_Work to be completed_. Copy out the entries below exactly as they stand, but only from the line containing "Dive into the" through the line containing "ลักษณะทางกายภาพ : ลักษณะเป็นกระดาษสี่เหลี่ยมผืนผ้า".

(Dataset content begins)

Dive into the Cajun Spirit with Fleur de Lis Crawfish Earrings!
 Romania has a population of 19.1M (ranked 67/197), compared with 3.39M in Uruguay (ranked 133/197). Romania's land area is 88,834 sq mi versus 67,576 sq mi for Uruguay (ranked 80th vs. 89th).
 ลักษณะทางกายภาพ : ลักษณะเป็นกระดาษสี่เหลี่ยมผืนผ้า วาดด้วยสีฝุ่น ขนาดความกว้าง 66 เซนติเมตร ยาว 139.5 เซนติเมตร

(Dataset content ends)
(Dataset content begins)

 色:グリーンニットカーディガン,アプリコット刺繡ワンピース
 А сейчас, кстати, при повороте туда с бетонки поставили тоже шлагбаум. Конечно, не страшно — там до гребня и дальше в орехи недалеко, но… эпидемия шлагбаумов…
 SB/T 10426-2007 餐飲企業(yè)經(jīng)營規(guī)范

(Dataset content ends)

_Reply_.
Dive into the Cajun Spirit with Fleur de Lis Crawfish Earrings!
 Romania has a population of 19.1M (ranked 67/197), compared with 3.39M in Uruguay (ranked 133/197). Romania's land area is 88,834 sq mi versus 67,576 sq mi for Uruguay (ranked 80th vs. 89th).
 ลักษณะทางกายภาพ : ลักษณะเป็นกระดาษสี่เหลี่ยมผืนผ้า วาดด้วยสีฝุ่น ขนาดความกว้าง 66 เซนติเมตร ยาว 139.5 เซนติเมตร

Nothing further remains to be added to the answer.